Secondly, and more importantly, visitor experience is now thought of as an internal cognitive process. It’s what happens inside the visitor, when the individual, social and physical contexts of the visit are synthesized. The internal visitor experience, like the external one, starts before the visit and it continues long after: the cognitive processes sparked by the visit become stitched within the myriad pre-existing constructs—memories of past lessons and learnings and attitudes and values—that already live within the visitor. Visitors build their own experiences; we don’t create them.
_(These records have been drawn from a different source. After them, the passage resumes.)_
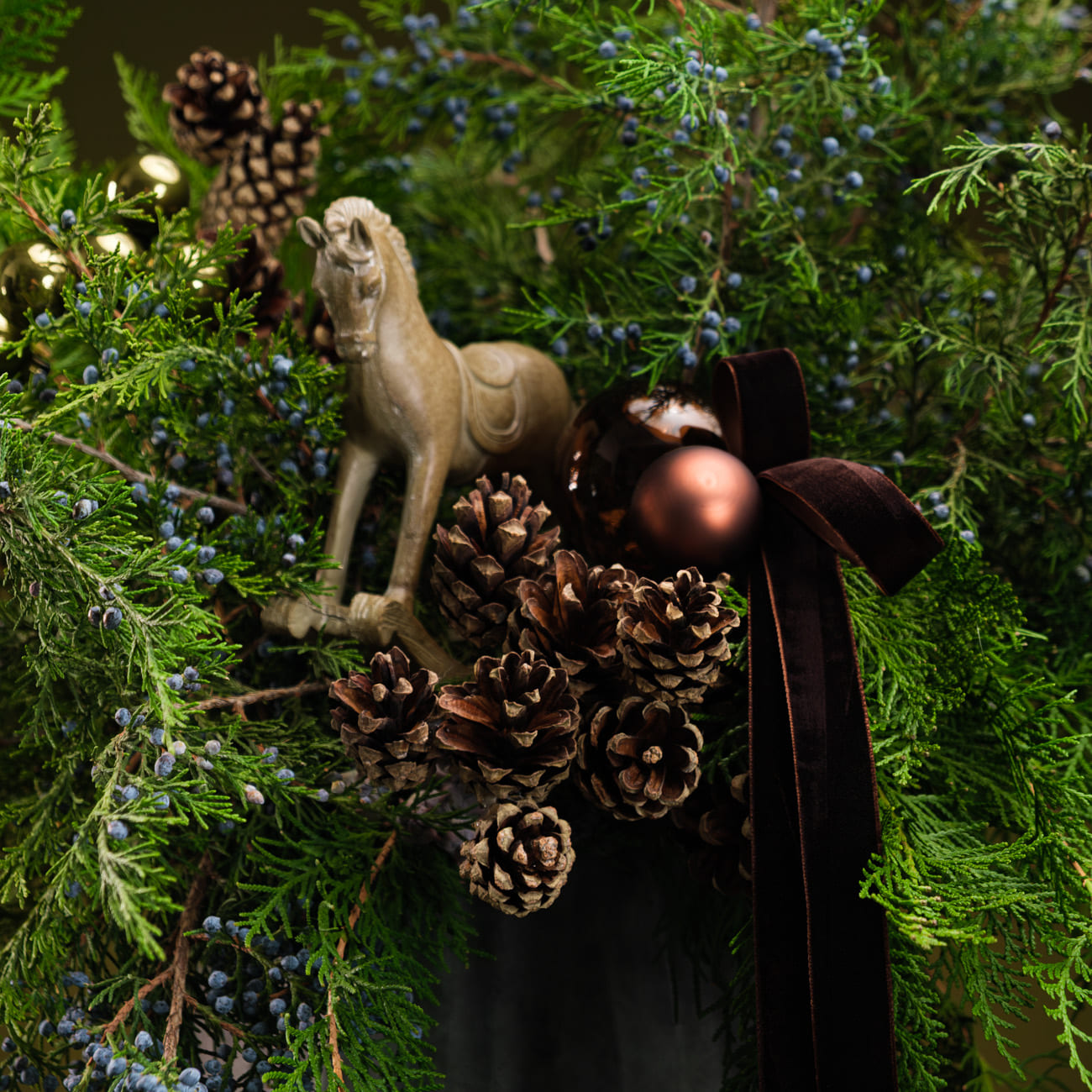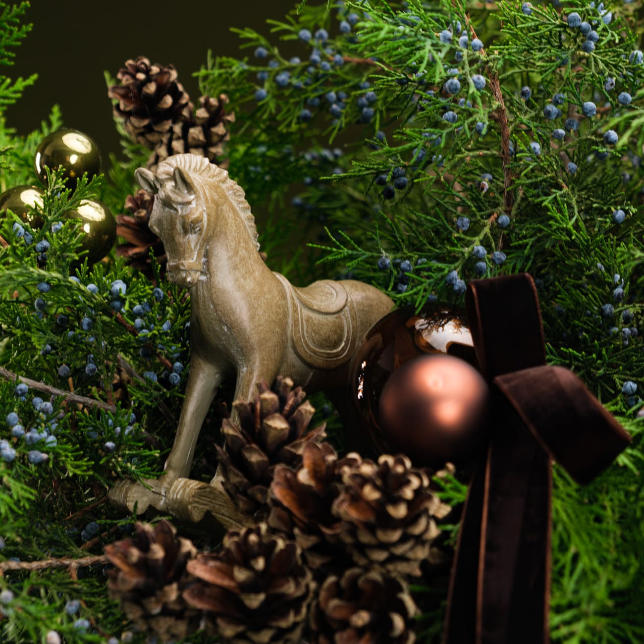 Композиция создана из живой хвои разных видов, натуральных шишек. Декорирована стеклянными шарами коричневых, зеленых оттенков, бархатной лентой и фигуркой лошадки.
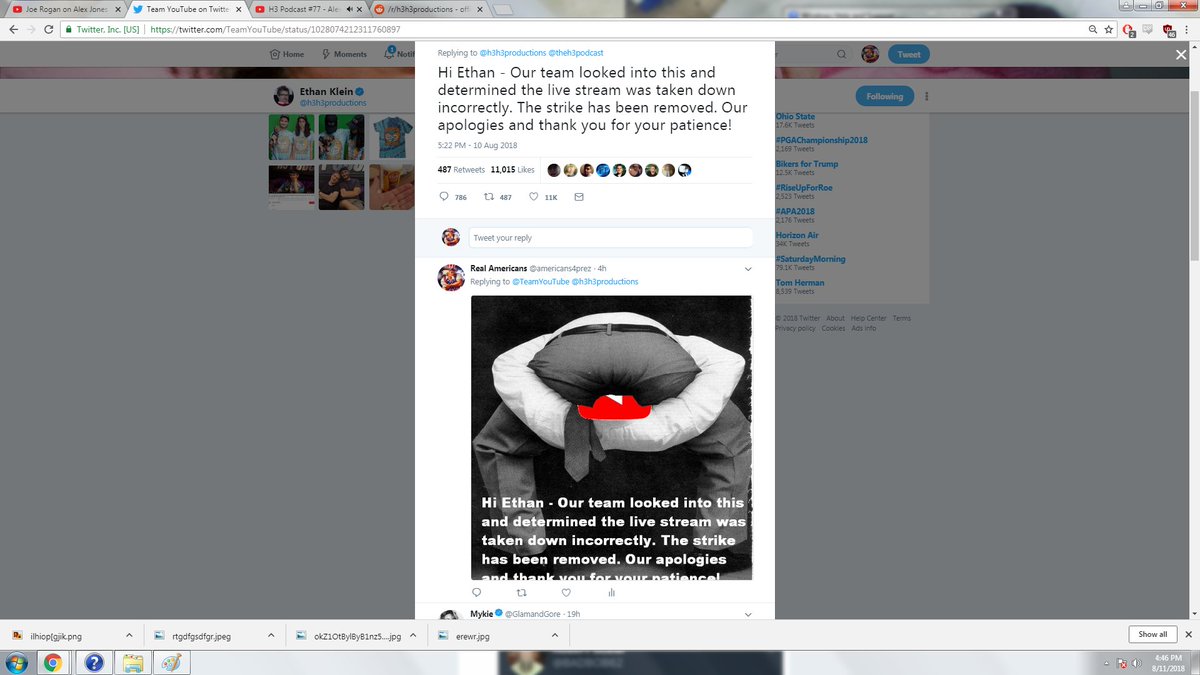 Wow @TeamYouTube just shut down our @theh3podcast live stream and gave us a strike for talking about Alex Jones??... What.
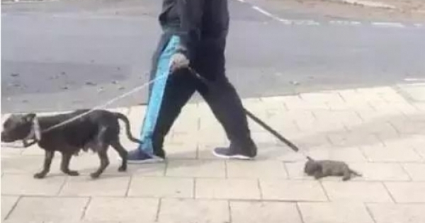 小奶狗還很小,根本就跟不上主人的腳步。可是這位主人卻不管不顧,也不想抱它,就這樣一直拖著它!
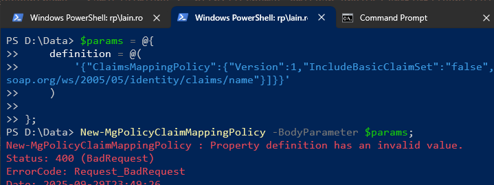 I am attempting to create a Claims Mapping Policy using PowerShell, Entra ID and Microsoft Graph via a script or a PowerShell Window, In neither case, I was able to do it.

Understanding our visitors’ needs and desires and trying to facilitate their experiences—both internal and external—suddenly and very quickly became more important than creating didactic panels and programs. Soon we started creating departments of Visitor Experience and hiring Directors of Visitor Experience, and we were suddenly left to figure out where our old interpretive planners and front line interpreters fit into the picture.
Now, down the hall in the interpreters’ office, all of this new understanding was seen as fairly interesting. While we could no longer lay claim to determining the visitor experience, we were suddenly armed with a whole new set of insights about what makes our visitors tick. And we were suddenly called upon to capitalize on this new insight by thinking of ourselves not as educators so much as facilitators of learning, facilitators of revelation, facilitators of experience.
It should have been a fairly easy transition to make. It should have cast our profession in a new and exciting light. It should have made interpretation more relevant than ever. We have, in our own way, recognized constructivism in education since 1957: “Anything that does not relate to something within the experience of the visitor will be sterile.” (Look at that: Freeman Tilden was a constructivist!) We have, in our way, recognized Falk’s contextual model of visitor experience, too, since the earliest days of our profession: “Interpretation should aim to present a whole rather than a part, and must address itself to the whole (person) rather than any phase.” It should have injected a tremendous renewal of energy and interest in interpretation. It did the opposite.
We have been relegated to the sidelines by the visitor experience revolution. Why?